## WHAT THE TASK REQUIRES:
Exactly as they appear, please output the lines from the one with "Parts for Frigidaire" through the end of the material, without pictures.

## GIVEN INFORMATION:
■ ■ ■ ■ ■

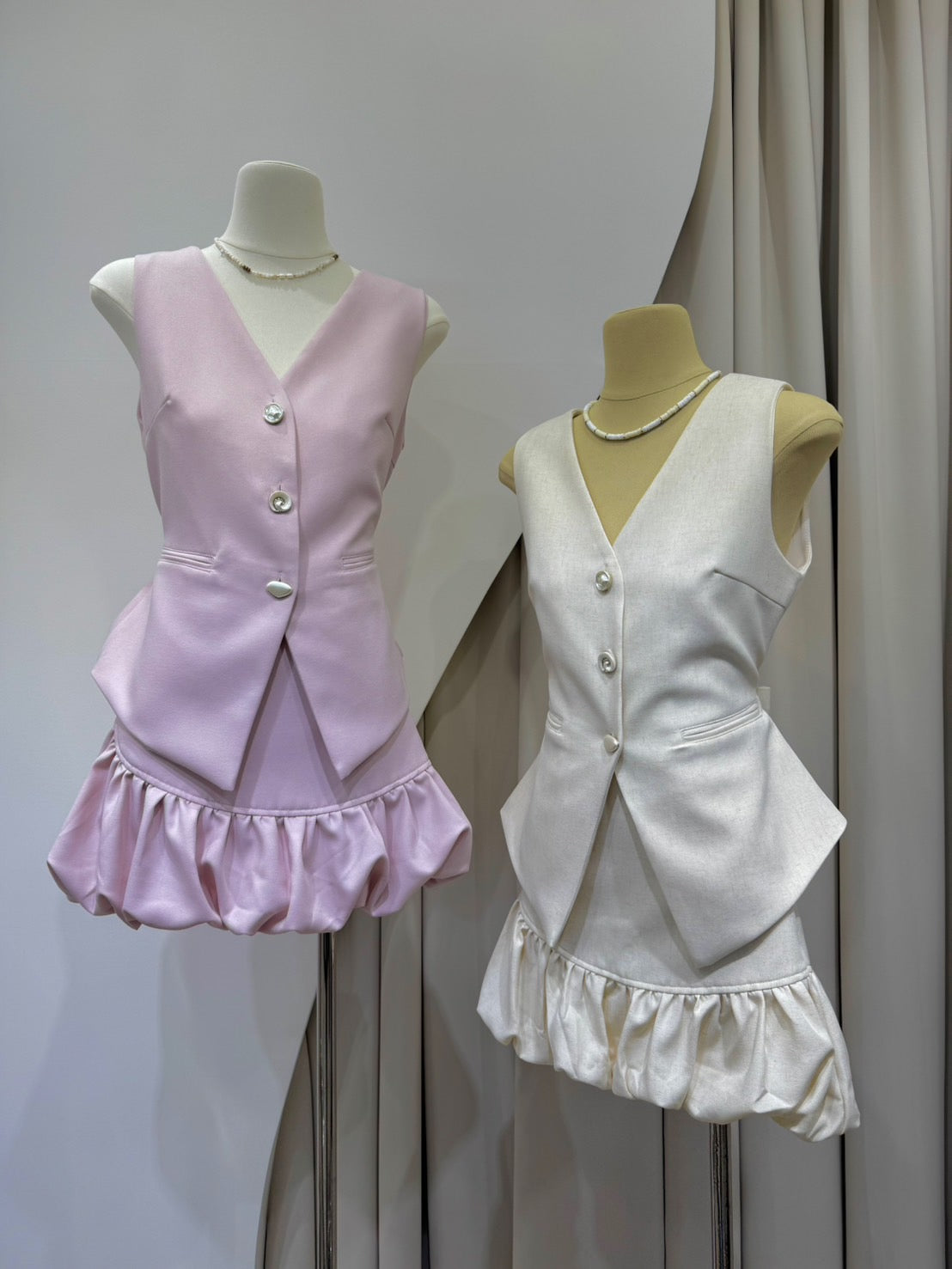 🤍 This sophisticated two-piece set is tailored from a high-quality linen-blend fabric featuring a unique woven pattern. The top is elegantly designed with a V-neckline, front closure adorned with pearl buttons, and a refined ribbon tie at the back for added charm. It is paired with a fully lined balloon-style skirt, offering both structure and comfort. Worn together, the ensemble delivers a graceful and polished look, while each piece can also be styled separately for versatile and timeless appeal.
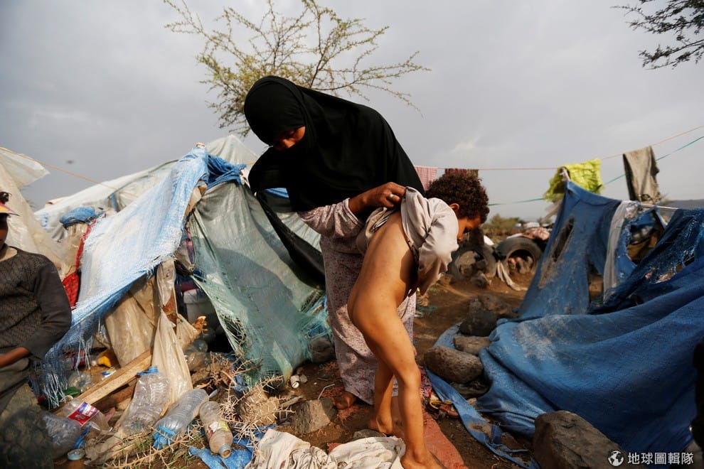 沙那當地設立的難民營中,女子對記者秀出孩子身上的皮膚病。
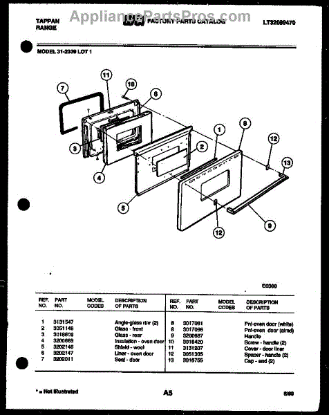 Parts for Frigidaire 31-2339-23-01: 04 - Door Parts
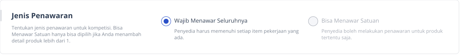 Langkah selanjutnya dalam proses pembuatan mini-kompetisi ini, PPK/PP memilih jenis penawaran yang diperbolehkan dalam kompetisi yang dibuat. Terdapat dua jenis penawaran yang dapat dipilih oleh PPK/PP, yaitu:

■ ■ ■ ■ ■

## RESULT OF THIS TASK:
 Parts for Frigidaire 31-2339-23-01: 04 - Door Parts
 Langkah selanjutnya dalam proses pembuatan mini-kompetisi ini, PPK/PP memilih jenis penawaran yang diperbolehkan dalam kompetisi yang dibuat. Terdapat dua jenis penawaran yang dapat dipilih oleh PPK/PP, yaitu:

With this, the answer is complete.